Cincinnati Children's Blog

How to Treat and Prevent Diaper Rash

How to Treat and Prevent Diaper Rash

Diaper rash isn’t fun for parents or babies. Fortunately, you can treat most cases of it at home and it often clears up quickly.

About 1 in every 4 babies will have diaper rash at some point. It can range from mild to severe. As a pediatrician, I see it a lot. Diaper rash can occur in anyone who’s diapered at any age. I see it most often in children ages 9-12 months.

Diaper rash is caused when there’s too much wetness in the diaper area. Obviously, there’s a lot of wet going on down there, which is why so many kids get it. It’s also common in children who have diarrhea. The longer a child has a wet or dirty diaper on, the more irritating the moisture can be to the skin. That means frequent diaper changes are a must.

Read on for more tips on how to treat and prevent those chapped cheeks.

Signs of Diaper Rash

The main symptom of diaper rash is skin in the diaper area that looks tender. You might notice any of the following signs on the bottom, genitals and/or upper legs:

  • Red or pink skin
  • Small, raised bumps
  • Peeling or flaking skin
  • Swelling

Your baby might also be more fussy than usual as the rash can be irritating or burn. 

The rash usually starts in a small area and gets worse over time if it’s not treated.

How to Treat Diaper Rash

  1. Change diapers often. Your goal is to keep the area as dry as possible, so frequent diaper changes are critical when treating diaper rash. After every change, even if your child is not visibly dirty, clean the diaper area as described in the next step.
  2. Use a washcloth instead of baby wipes. Sometimes baby wipes can be irritating, especially during times of diaper rash. While the rash is healing, try using a washcloth instead, moistened with warm water only. No soap is needed. If you do use soap, choose a mild one like Dove® or Cetaphil®. If you need to use wipes, they should be unscented and alcohol free. Pat the area dry or let it air dry before putting on a clean diaper.
  3. For very tender skin, use a squirt bottle or cotton ball. These can be good options if your baby’s bottom is really raw or if poop (stool) is stuck to the skin. You may not want to rub the already sore area with a cloth or wipe. Instead, fill a squirt bottle with warm water and use that to gently clean the area, or use a cotton ball with some mineral oil on it to remove the dried stool.
  4. Use a thick barrier cream, ointment or diaper paste with every diaper change. After cleaning your child, apply a generous layer of diaper rash cream. There are a lot to choose from. I recommend any that contain zinc oxide, such as Desitin®, Triple Paste®, and A&D®, or a petroleum jelly, like Vaseline®, which is a good inexpensive choice. You might need to try a few different types to see what works best for your child.Use this every time you change the diaper while your child’s bottom is irritated. Make sure others taking care of your baby use it as well.
  5. Stay away from lotions with dyes and/or fragrances. These might irritate the area even more.
  6. Do not use cornstarch or talcum powder. While these were popular treatments in the past, we no longer recommend them. There’s a chance your baby could inhale them, which can damage a baby’s growing lungs.
  7. If you use cloth diapers, consider switching to disposable for the duration of your baby’s diaper rash. Cloth diapers are not quite as absorbent as disposables. For that reason, using disposable diapers can help diaper rash clear up more quickly. It’s fine to go back to using cloth diapers when the rash is gone.
  8. Try diaper free periods. Diapers contain a lot of moisture, not just from urine but also from sweat. You want to cut down on that moisture. Allowing your child to go without a diaper for small periods of time can be helpful for keeping the area dry.

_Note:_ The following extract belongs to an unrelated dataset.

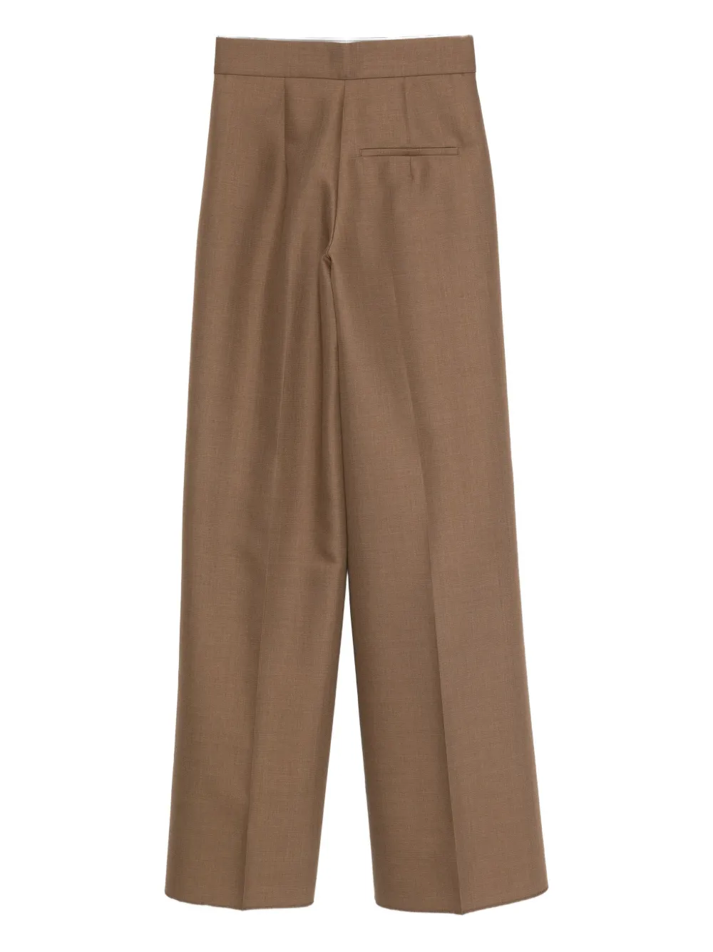 Коричневые брюки в складку, боковые карманы, задний прорезной карман, шлевки для ремня, скрытая застежка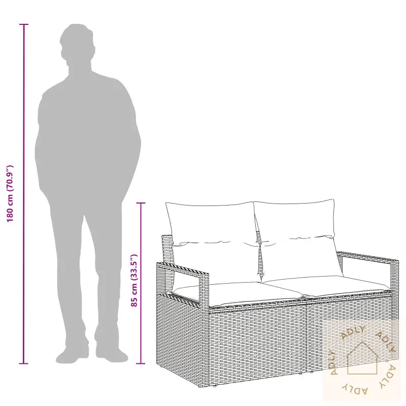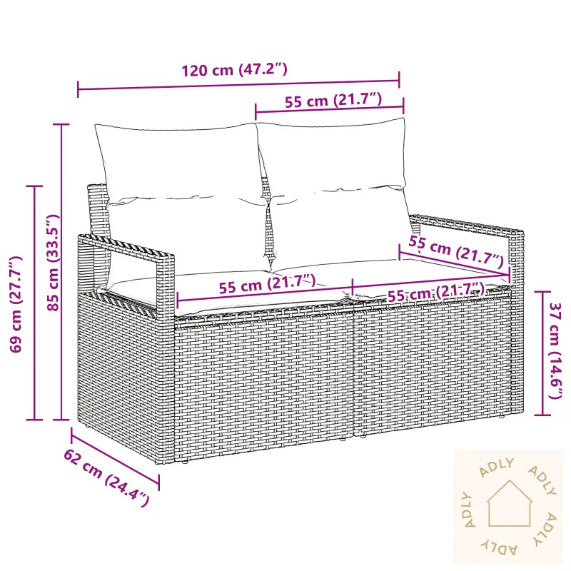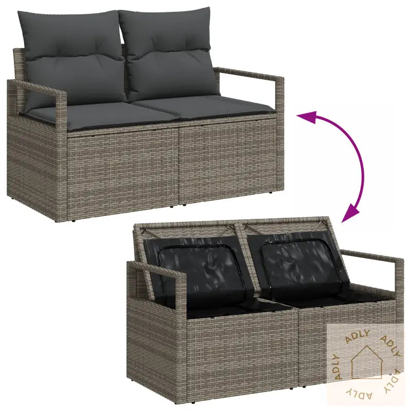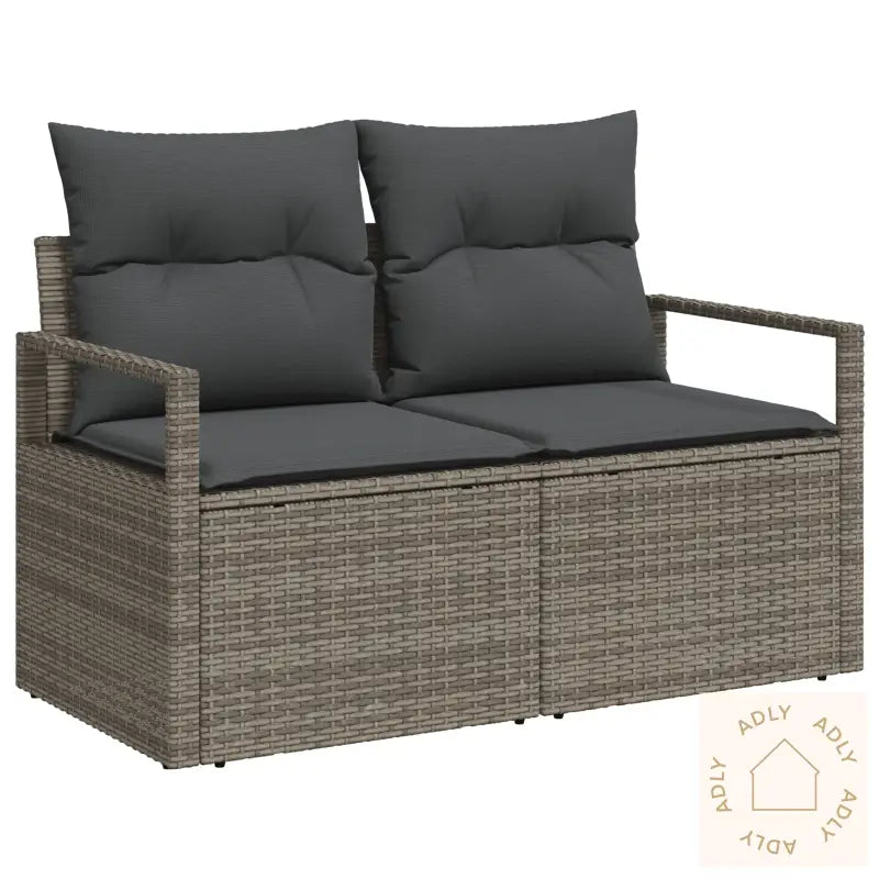 Komfy sitteplasser: De myke, tykke putene gir deg og gjestene dine et deilig sted å slappe av – perfekt for lange sommerdager eller hyggelige kvelder ute. Putene gir god støtte og kan enkelt tas inn hvis været skifter.Praktisk lagring: Med smart oppbevaring under setet kan du holde ekstra utendørsputer, tepper eller andre møbler til hjemmet skjult for regn og vind. Praktisk for mindre uteplasser der du vil spare plass.Bygget for å vare: Kvalitetsmaterialer som værbestandig polyrotting og slitesterke polyesterputer sikrer lang levetid, så det er bare å lene seg tilbake sesong etter sesong uten å bekymre deg for slitasje.Stilig utseende: Det moderne designet sammen med den nøytrale gråfargen passer perfekt sammen med andre utendørsmøbler og gir hjemmet ditt et rent og tidløst uttrykk.Enkel stell: Sofaen er lett å vaske over med en fuktig klut, og trekkene til putene har glidelås slik at de enkelt kan tas av og vaskes etter behov. Sånn holder du møblene dine alltid friske og rene.Farge: GråForm: RektangulærMateriale: Syntetisk polyrottingFinish: TeksturertInne/Ute: Kun utendørsTrekk inkludert: JaRom: Garten und TerrassegBatterier inkludert: NeiMaksimalt antall personer: 3Maksimal vekt: 250 kgMål: 120 x 62 x 69 cm (L x B x H)Sittedybde: 50 cmSittekapasitet: 2Svipper: NeiMerke: Leveransen inneholder: UtesofaMontering kreves: JaAnbefalt antall personer for montering: 2

Depending on how severe the rash is, it can sometimes take a couple of weeks to heal. More mild cases might need just a few days. 

How to Help Prevent Diaper Rash

  • Change your child’s diaper every 2-3 hours or as soon as you notice it’s wet.
  • If your child has diarrhea, change the diaper as soon as he or she has a bowel movement.
  • If using cloth diapers, avoid diaper covers that are plastic. They can increase moisture in the diaper area.
  • Keep an eye out for early symptoms. Treating a slight rash with diaper rash cream early can help stop it from getting worse.

When to Call the Doctor

If you are treating your child for diaper rash and it doesn’t seem to be getting better, call your pediatrician. Something else might be causing the rash, such as psoriasis, scabies, or yeast, which could need to be treated with a prescription.